--- START ---

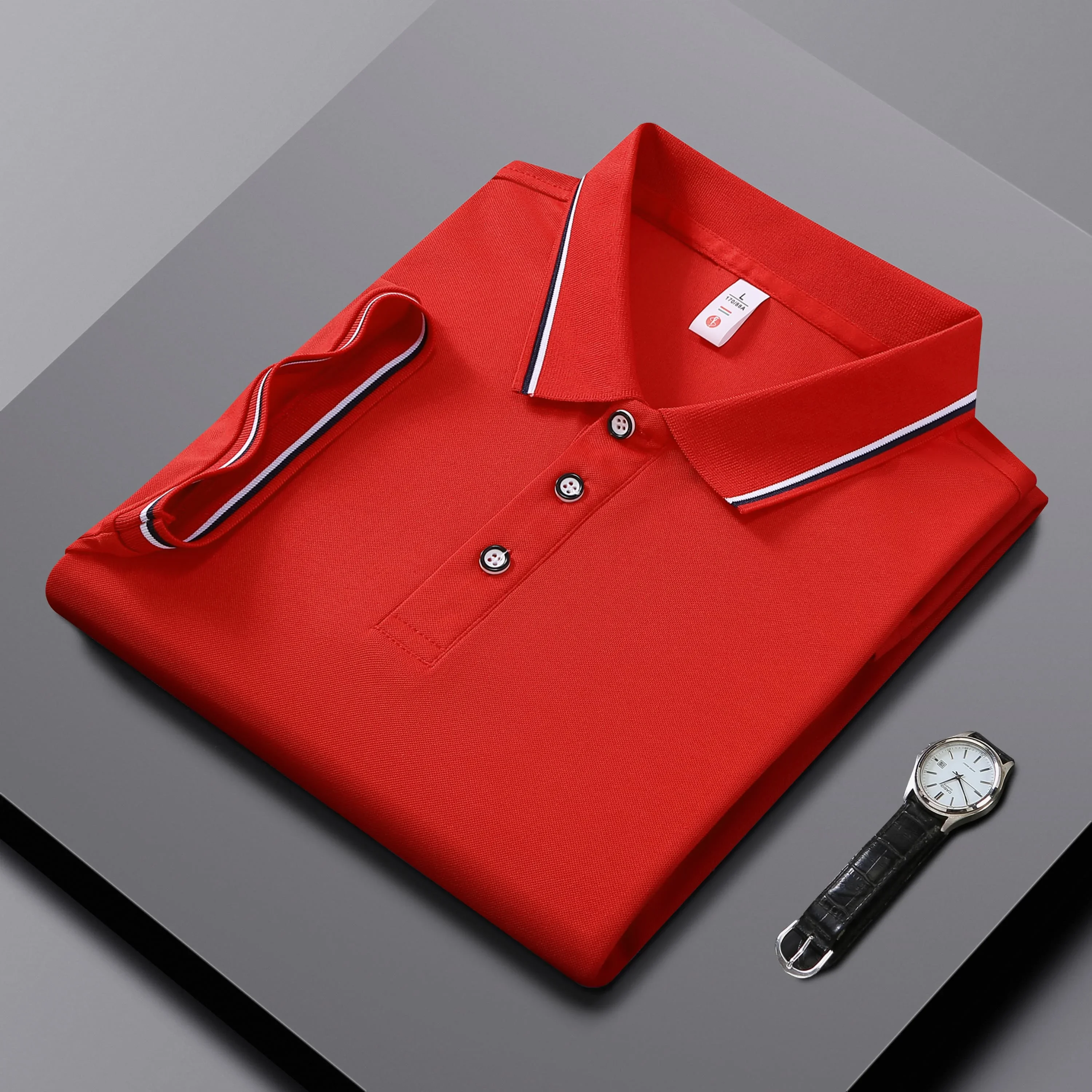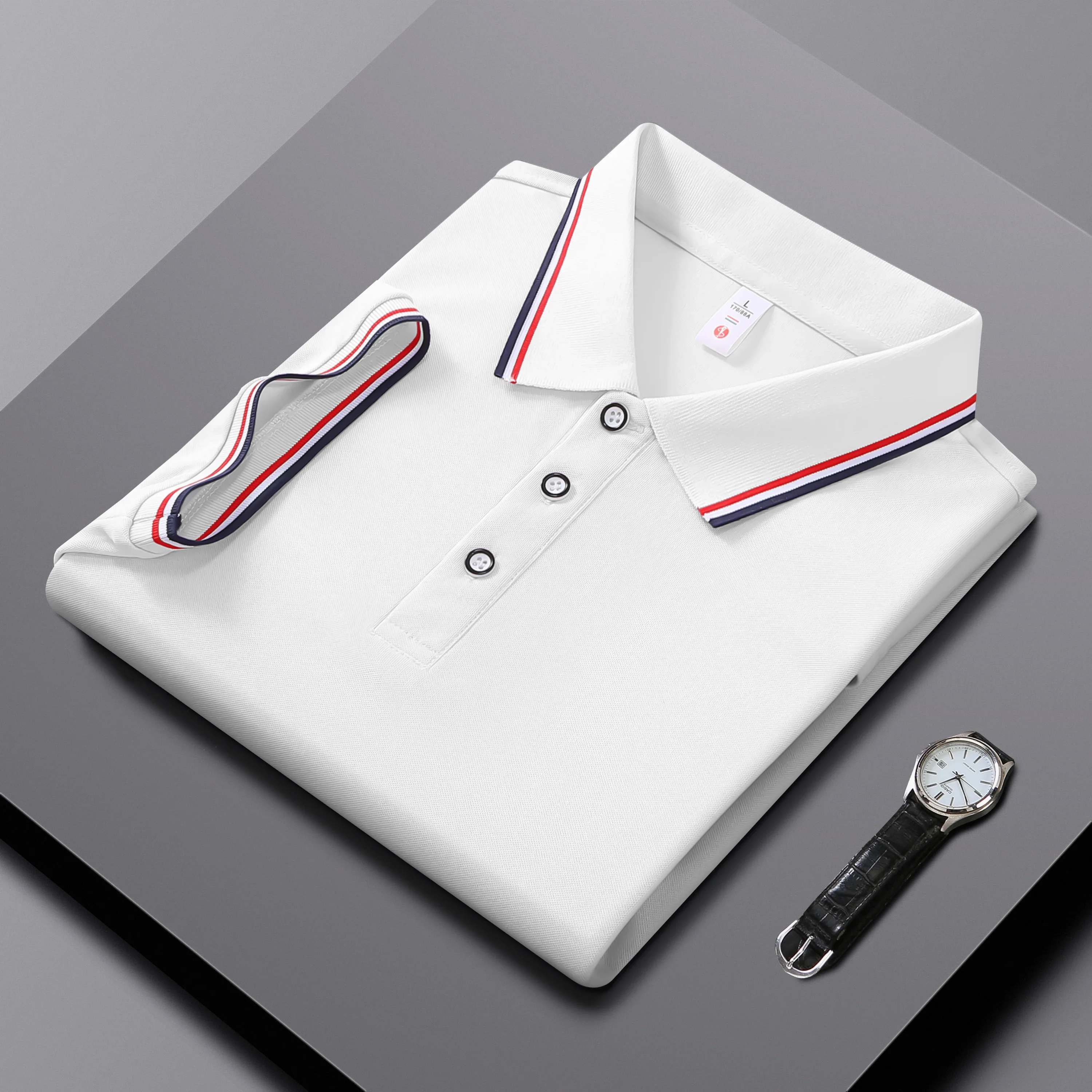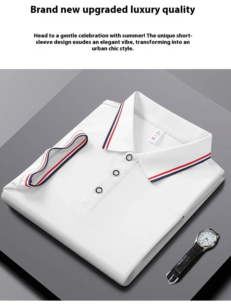 Men Clothes Spring Summer Casual Fashion Short Sleeve Stand Collar Polo Shirt Logo Print Men Clothes Slim Fit Polo Shirt
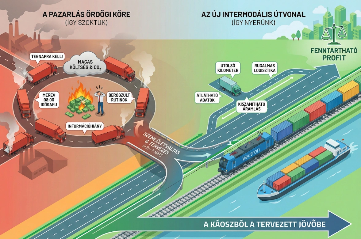 A távol-keleti áruk nagy része továbbra is Észak-Európa kikötőibe érkezik, pedig az Adriai útvonal akár 6 nappal rövidebb tengeri időt, fele olyan hosszú vasúti kapcsolatot és szabad kapacitást kínál a régió számára. A megszokás azonban erősebb, mint a racionalitás. Ez az egyik legszemléletesebb példája annak, hogy az „így szoktuk” működés konkrétan napokat, súlyos pénzeket és rengeteg üzemanyagot éget el feleslegesen.
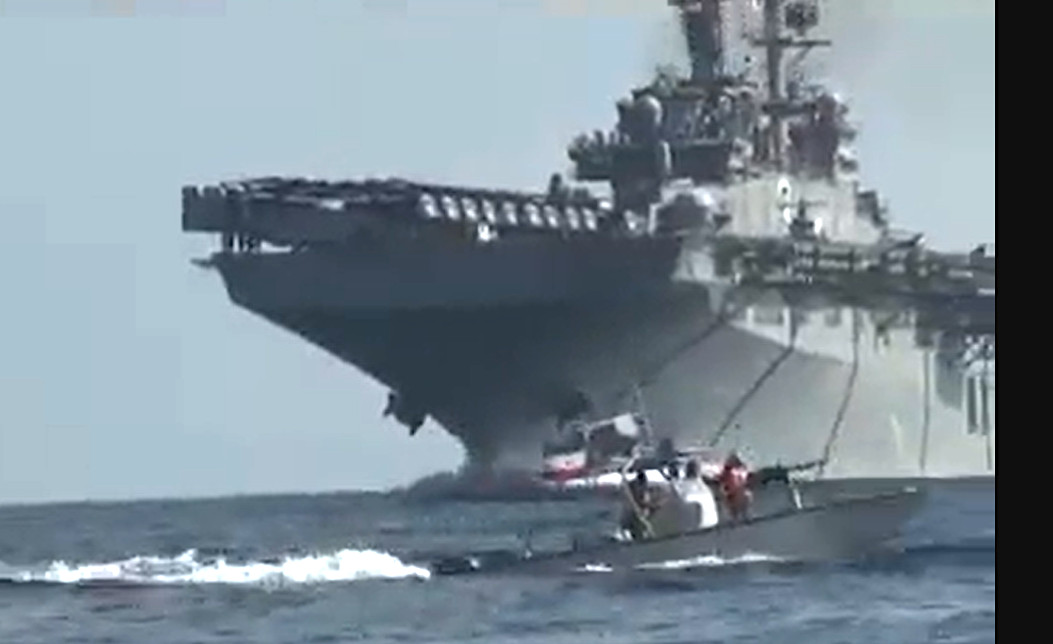 At one point in the Iranian video clips of the transit, seen below, a member of the IRGC-N can be heard hailing the U.S. Navy vessels in English.

--- END ---

_EXERCISE GOAL_
No pictures belong in the copy. Repeat the listing above exactly.

_WRITTEN RESPONSE_
 Men Clothes Spring Summer Casual Fashion Short Sleeve Stand Collar Polo Shirt Logo Print Men Clothes Slim Fit Polo Shirt
 A távol-keleti áruk nagy része továbbra is Észak-Európa kikötőibe érkezik, pedig az Adriai útvonal akár 6 nappal rövidebb tengeri időt, fele olyan hosszú vasúti kapcsolatot és szabad kapacitást kínál a régió számára. A megszokás azonban erősebb, mint a racionalitás. Ez az egyik legszemléletesebb példája annak, hogy az „így szoktuk” működés konkrétan napokat, súlyos pénzeket és rengeteg üzemanyagot éget el feleslegesen.
 At one point in the Iranian video clips of the transit, seen below, a member of the IRGC-N can be heard hailing the U.S. Navy vessels in English.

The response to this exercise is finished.